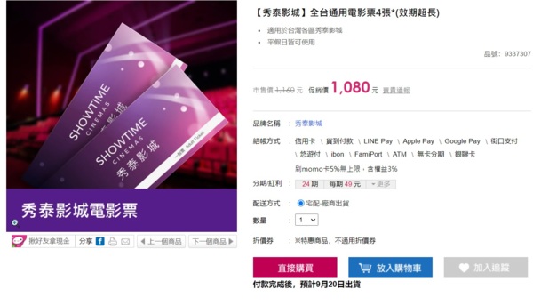 我猶豫很久怎麼把一千元一次花掉,結果買了不到一千元的四人電影票餘額也只能在裡面,只是不知道餘額會不會過期!
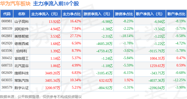 从资金流向上来看,当日华为汽车板块主力资金净流出10.07亿元,游资资金净流出8.02亿元,散户资金净流入18.09亿元。华为汽车板块个股资金流向见下表:
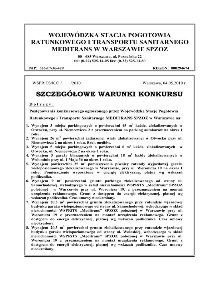 WOJEWÓDZKA STACJA POGOTOWIA RATUNKOWEGO I TRANSPORTU SANITARNEGO MEDITRANS W WARSZAWIE SPZOZ 00 - 685 Warszawa, ul. Poznańska 22 tel: (0-22) 525-14-05 fax: (0-22) 525-13-80 NIP: 526-17-36-429 WSPRiTS/K.O./ REGON: 000294674 /2010 Warszawa, 04.05.2010 r. SZCZEGÓŁOWE WARUNKI KONKURSU Dotyczy: Postępowania konkursowego ogłoszonego przez Wojewódzką Stację Pogotowia Ratunkowego i Transportu Sanitarnego MEDITRANS SPZOZ w Warszawie na: 1. Wynajem 3 miejsc parkingowych o powierzchni 45 m2 kaŜde, zlokalizowanych w Otwocku, przy ul. Niemcewicza 2 z przeznaczeniem na parking autokarów na okres 1 roku. 2. Wynajem 26 m2 powierzchni zadaszonej wiaty zlokalizowanej w Otwocku przy ul. Niemcewicza 2 na okres 1 roku. Brak mediów. 3. Wynajem 5 miejsc parkingowych o powierzchni 6 m2 kaŜde, zlokalizowanych w Otwocku, ul. Niemcewicza 2 na okres 1 roku. 4. Wynajem 3 garaŜy blaszanych o powierzchni 18 m2 kaŜdy zlokalizowanych w Wołominie przy ul. 1 Maja 36 na okres 1 roku. 5. Wynajem powierzchni 25 m2 pomieszczenia piwnicy rotundy wyjazdowej garaŜu wielopoziomowego zlokalizowanego w Warszawie, przy ul. Woronicza 19 na okres 1 roku. Pomieszczenie wyposaŜone w energię elektryczną, płatną wg wskazań podlicznika. 6. Wynajem 9 m2 powierzchni gruntu parkingu zlokalizowanego od strony ul. Samochodowej, wchodzącego w skład nieruchomości WSPRiTS „Meditrans” SPZOZ połoŜonej w Warszawie przy ul. Woronicza 19, z przeznaczeniem na montaŜ urządzenia reklamowego. Grunt z dostępem do energii elektrycznej, płatnej wg wskazań podlicznika. Czas umowy nieokreślony. 7. Wynajem 20,3 m2 powierzchni gruntu zlokalizowanego przy rotundzie wjazdowej budynku garaŜu wielopoziomowego od strony ul. Samochodowej, wchodzącego w skład nieruchomości WSPRiTS „Meditrans” SPZOZ połoŜonej w Warszawie przy ul. Woronicza 19 z przeznaczeniem na montaŜ urządzenia reklamowego. Grunt z dostępem do energii elektrycznej, płatnej wg wskazań podlicznika. Czas umowy nieokreślony. 8. Wynajem 20,3 m2 powierzchni gruntu zlokalizowanego przy rotundzie wjazdowej budynku garaŜu wielopoziomowego od strony ul. Wołoskiej, wchodzącego w skład nieruchomości WSPRiTS „Meditrans” SPZOZ połoŜonej w Warszawie przy ul. Woronicza 19 z przeznaczeniem na montaŜ urządzenia reklamowego. Grunt z dostępem do energii elektrycznej, płatnej wg wskazań podlicznika. Czas umowy nieokreślony. I. OPIS SPOSOBU PRZYGOTOWANIA OFERTY 1. Oferent składa ofertę zgodnie z wymaganiami określonymi w Szczegółowych Warunkach Konkursu. ▪ KaŜdy oferent moŜe złoŜyć ofertę na kaŜdą z wynajmowanych powierzchni ▪ Oferta zawierająca wariantowe propozycje cenowe zostanie odrzucona. 2. Oferenci ponoszą wszelkie koszty związane z przygotowaniem i złoŜeniem oferty. 3. Ofertę naleŜy opracować na druku "OFERTA". Oferentowi nie wolno dokonywać Ŝadnych zmian merytorycznych we wzorze druku „OFERTA”, (w załączeniu: pisemny wzór dokumentu). 4. Oferta - pod rygorem jej odrzucenia - powinna być napisana w języku polskim, na maszynie, komputerze lub ręcznie nieścieralnym atramentem oraz podpisana przez osobę / osoby upowaŜnione do złoŜenia oferty. UpowaŜnienie do podpisania oferty powinno być dołączone do oferty, o ile nie wynika ono z innych dokumentów dołączonych do oferty. 5. KaŜda strona oferty powinna być parafowana przez osobę podpisującą ofertę. 6. Wszystkie dokumenty i oświadczenia sporządzone w językach obcych naleŜy złoŜyć wraz z tłumaczeniami na język polski sporządzonymi przez tłumaczy przysięgłych. 7. Ofertę wraz ze wszystkimi załącznikami na ponumerowanych stronach naleŜy umieścić w zapieczętowanej kopercie opatrzonej danymi Oferenta oraz napisem: Konkurs na: 1. Wynajem 3 miejsc parkingowych o powierzchni 45 m2 kaŜde, zlokalizowanych w Otwocku, przy ul. Niemcewicza 2 z przeznaczeniem na parking autokarów na okres 1 roku. 2. Wynajem 26 m2 powierzchni zadaszonej wiaty zlokalizowanej w Otwocku przy ul. Niemcewicza 2 na okres 1 roku. Brak mediów. 3. Wynajem 5 miejsc parkingowych o powierzchni 6 m2 kaŜde, zlokalizowanych w Otwocku, ul. Niemcewicza 2 na okres 1 roku. 4. Wynajem 3 garaŜy blaszanych o powierzchni 18 m2 kaŜdy zlokalizowanych w Wołominie przy ul. 1 Maja 36 na okres 1 roku. 5. Wynajem powierzchni 25 m2 pomieszczenia piwnicy rotundy wyjazdowej garaŜu wielopoziomowego zlokalizowanego w Warszawie, przy ul. Woronicza 19 na okres 1 roku. Pomieszczenie wyposaŜone w energię elektryczną, płatną wg wskazań podlicznika. 6. Wynajem 9 m2 powierzchni gruntu parkingu zlokalizowanego od strony ul. Samochodowej, wchodzącego w skład nieruchomości WSPRiTS „Meditrans” SPZOZ połoŜonej w Warszawie przy ul. Woronicza 19, z przeznaczeniem na montaŜ urządzenia reklamowego. Grunt z dostępem do energii elektrycznej, płatnej wg wskazań podlicznika. Czas umowy nieokreślony. 7. Wynajem 20,3 m2 powierzchni gruntu zlokalizowanego przy rotundzie wjazdowej budynku garaŜu wielopoziomowego od strony ul. Samochodowej, wchodzącego w skład nieruchomości WSPRiTS „Meditrans” SPZOZ połoŜonej w Warszawie przy ul. Woronicza 19 z przeznaczeniem na montaŜ urządzenia reklamowego. Grunt z dostępem do energii elektrycznej, płatnej wg wskazań podlicznika. Czas umowy nieokreślony. 8. Wynajem 20,3 m2 powierzchni gruntu zlokalizowanego przy rotundzie wjazdowej budynku garaŜu wielopoziomowego od strony ul. Wołoskiej, wchodzącego w skład nieruchomości WSPRiTS „Meditrans” SPZOZ połoŜonej w Warszawie przy ul. Woronicza 19 z przeznaczeniem na montaŜ urządzenia reklamowego. Grunt z dostępem do energii elektrycznej, płatnej wg wskazań podlicznika. Czas umowy nieokreślony. Nie otwierać przed 26.05.2010 r. do godziny 10.00 9. Oferta pod rygorem odrzucenia musi zawierać wszystkie wymagane w Szczegółowych Warunkach Konkursu dokumenty wymienione w rozdziale II. Jeśli dokument przedstawiony jest w postaci kserokopii - poświadczenie, oprócz adnotacji: „za z
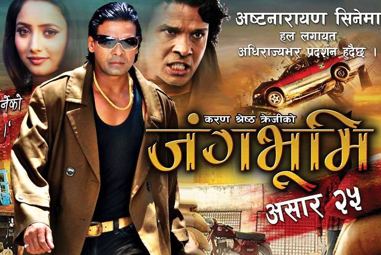 संयोग कस्तो भएछ भने यी दुवै फिल्ममा साउथका कलाकारले अभिनय गरेका छन् । ‘जंगभूमि’ मा दक्षिण भारतीय फिल्मीकी चर्चित हिरोइन रानी चटर्जीलाई र विराज भट्ट मुख्य भूमिकामा देखिँदैछन् । फिल्ममा एउटी नारीको संघर्षलाई चित्रण गरिएको छ । रिच इन्टरटेनमेन्टको ब्यानरमा निर्मित यस चलचित्रको प्रस्तुतकर्ता करण श्रेष्ठ ‘क्रेजी’ हुन् । करणका अनुसार ‘जंगभूमि’ अधिकांश सिंगल थिएटर र केही मल्टिप्लेक्स हलमा लाग्दैछ । करणले भने, ‘भूकम्पपछि नेपाली फिल्म रिलिज नभइरहेको अवस्थामा ‘जंगभूमि’ रिलिज गर्दैछु । दर्शकले यो फिल्म रुचाउँछन् भन्ने अपेक्षा गरेको छु ।’
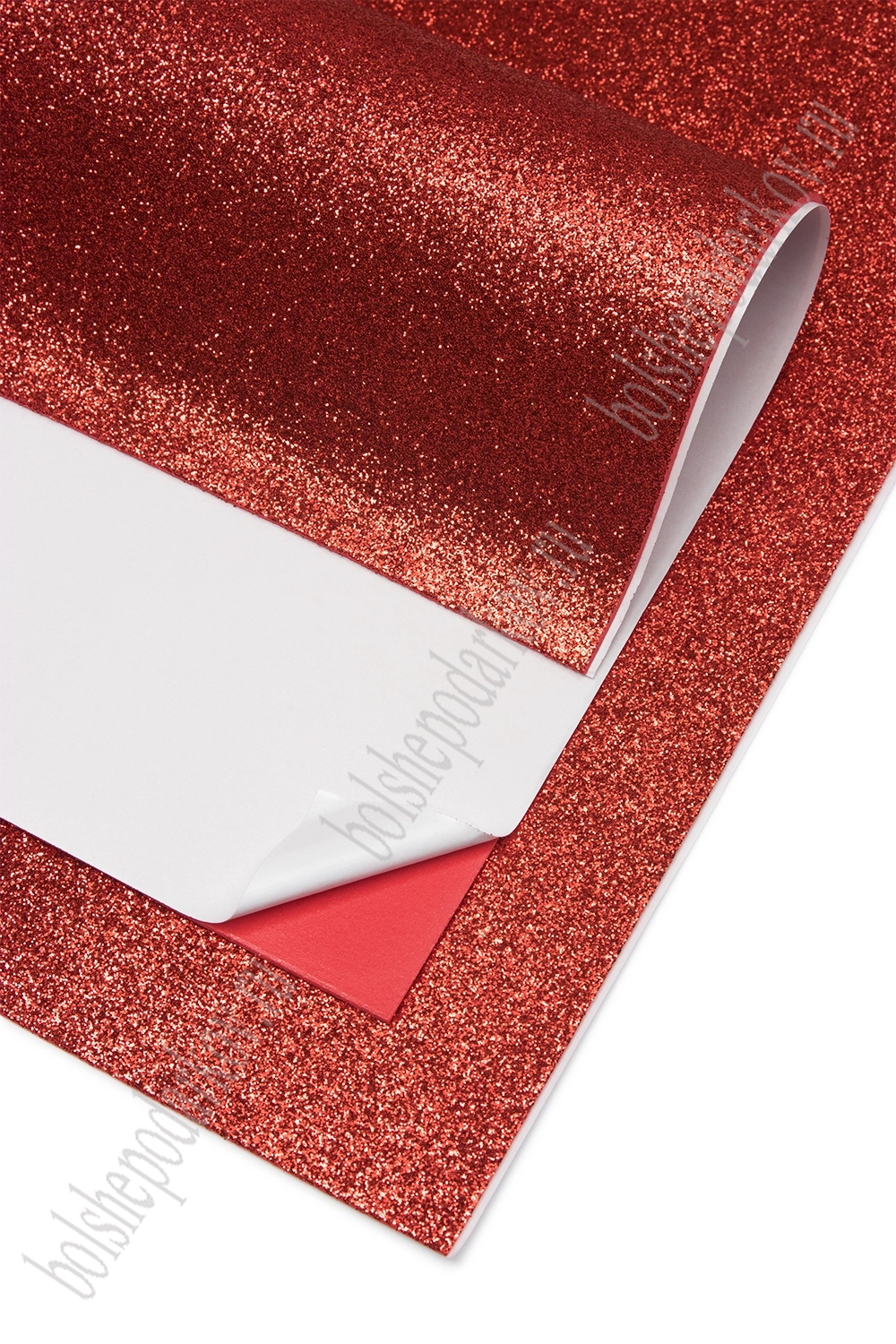 Фоамиран глиттерный самоклеющ. А4 (10 листов) SF-1957, красный №001
####################
To do: Give again, exactly, the lines starting at the first entry above and ending at the line with "从资金流向上来看,当日华为汽"; please leave pictures out.

Response to this exercise:
 我猶豫很久怎麼把一千元一次花掉,結果買了不到一千元的四人電影票餘額也只能在裡面,只是不知道餘額會不會過期!
 从资金流向上来看,当日华为汽车板块主力资金净流出10.07亿元,游资资金净流出8.02亿元,散户资金净流入18.09亿元。华为汽车板块个股资金流向见下表:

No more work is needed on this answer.